I have a rather general question about how and why Bayesian inference have been applied in limma, edgeR, and DESeq1-2.
In the simplest differential expression study there are two regression coefficients, an intercept and slope, the latter also denoted by log fold change. LFC estimates obtained across the features (genes) are quite noisy and are likely to benefit from shrinkage. In early 2000s there were enough general purpose shrinkage methods, such as Ridge Regression, that could help with that directly or at least provide some methodological clues.
However, LFC shrinkage was more or less ignored in limma, edgeR, and DESeq between 2004 and 2013 until it was added to DESeq2 in 2014. DESeq2 paper (Love et al, 2014) mentions three other Bayesian papers that moderate LFC, but they are all dated 2012-2013. Between 2004 and 2012, shrinkage was applied only to the 2nd order (variance) parameters, and my question is why.
The first version of limma (Smyth, 2004) provides an answer but it's very partial. In that paper they proposed a two component prior for LFC: LFC is equal to zero with probability p > 0 and is N(0, sigma) otherwise. The posterior odds statistic shrinks both LFC and 2nd order parameters. It then turned out that there are technical issues with estimating p and sigma from the data, so what we end up using in practice is the “moderated t-statistic” that doesn't actually moderate LFC.
What happened next was rather puzzling. Instead of using a two component model, in 2014 Love et al proposed a straightforward two stage procedure: first, variance parameters get moderated. Second, assuming the variance parameters are known, apply something quite similar to Ridge regression where the prior for LFC is N(0, sigma), without the zero component. Apparently it worked fine in practice, so my question is why something like that was never considered before, especially in limma that is based on a simple linear model.

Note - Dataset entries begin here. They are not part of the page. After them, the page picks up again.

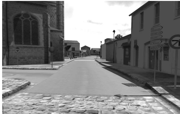
Figure 2. Virtual view of Guyancourt rendered with our open source simulation software

The visual scene is rendered using OGRE [1], an object-oriented open-source 3D render engine written in C++, customizable and extensible through the freely available plugins, enabling for instance OpenGL and DirectX support or bindings to multiple physics engines. Moreover, OGRE benefits from an active community. As currently configured, our visual module supports vertex lighting used to render for instance static ambient occlusion. Advanced projected shadows were also implemented using Parallel Split Shadow Mapping method (PSSM) and rendered using Variance Shadow Mapping technique (VSM) implemented in a pixel shader written in HLSL language (Figure 2). More generally, other visual effects can be implemented depending on the application, the performance of the computers and the features provided by the render engine.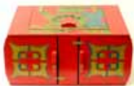
Jack Gwynne's Rabbit Box Good Condition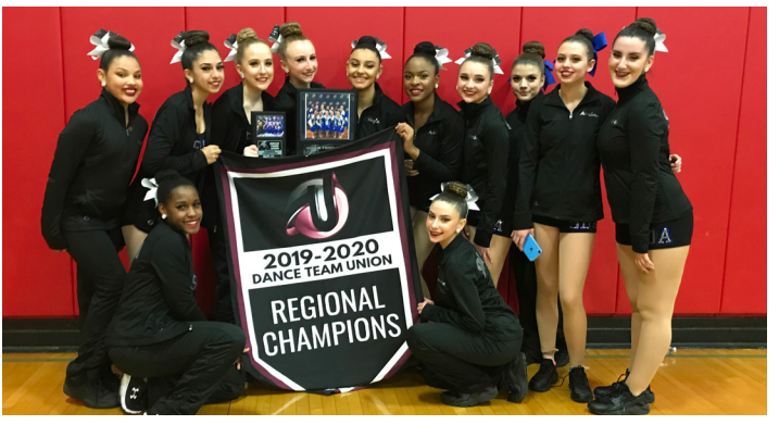
Congratulations to our dance team on their win at DTU Regional Championship!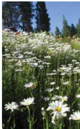
Abundant Shasta Daisies shine at summer solstice.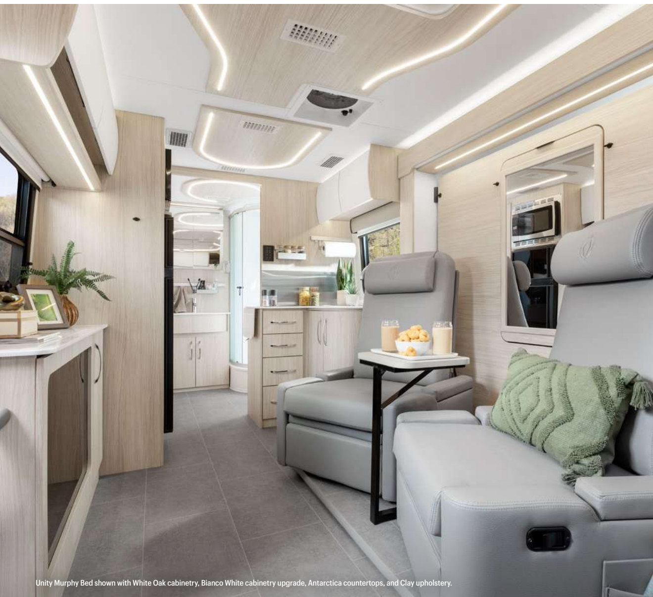
Unity Murphy Bed shown with White Oak cabinetry, Bianco White cabinetry upgrade, Antarctica countertops, and Clay upholstery.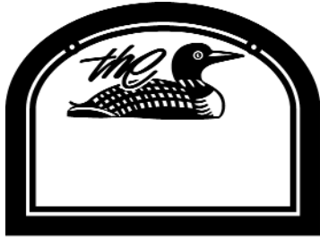
$175 - 10" X 13"

Yes, I require a proof ? Fax No. ( ) _____ Attn: _____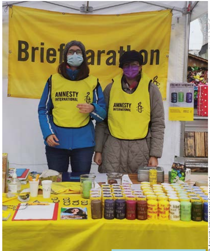
Amnesty Switzerland activists participate in Write for Rights 2021.

Human rights are not luxuries to be met only when practicalities allow.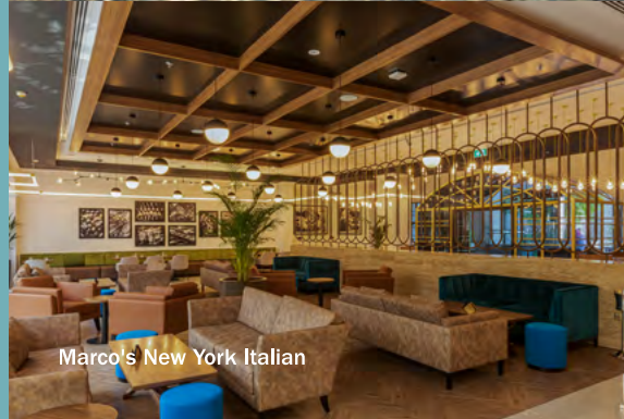
Marco's New York Italian

I can speculate that the two component prior for LFC seemed far more adequate to Smyth than N(0, sigma) prior, so, after the former didn't work out he decided not to pursue LFC moderation with the latter. Another possibility is that DESeq2 might have some estimation issues similar to that of posterior odds in Smith, 2004. Please let me know what you think.
This isn't so much an answer, but a comment. While I of course think a Bayesian posterior LFC is a useful statistic, it's not straightforward to implement. Figuring out an algorithm to output a reasonable scale of the prior is not trivial. The shrinkage estimator for DESeq2 is always biased toward 0, by definition, but for some datasets, there is too much bias, and we're working on fixing this. For example, the RNA-seq mixology paper and dataset showed too much bias for DESeq2. It's definitely ongoing work, and we should have some new shrinkage methods in place that can be used via
lfcShrink(it looks like not in this devel cycle, but the next one because I want to have enough time for testing before it's user facing).
Another comment, we do reference, in DESeq2 Methods section, microarray methods which proposed moderated fold changes, e.g. Newton et al 2001. This section starts with: "As was observed with differential expression analysis using microarrays, genes with low intensity values tend to suffer from a small signal-to-noise ratio..."
Given what Ryan said below, does lfcShrink follow the suggestion I posted here:
C: Interactions in DESeq2
No, we won't be applying priors to contrasts of coefficients, just to coefficients (either all non-intercept or individually).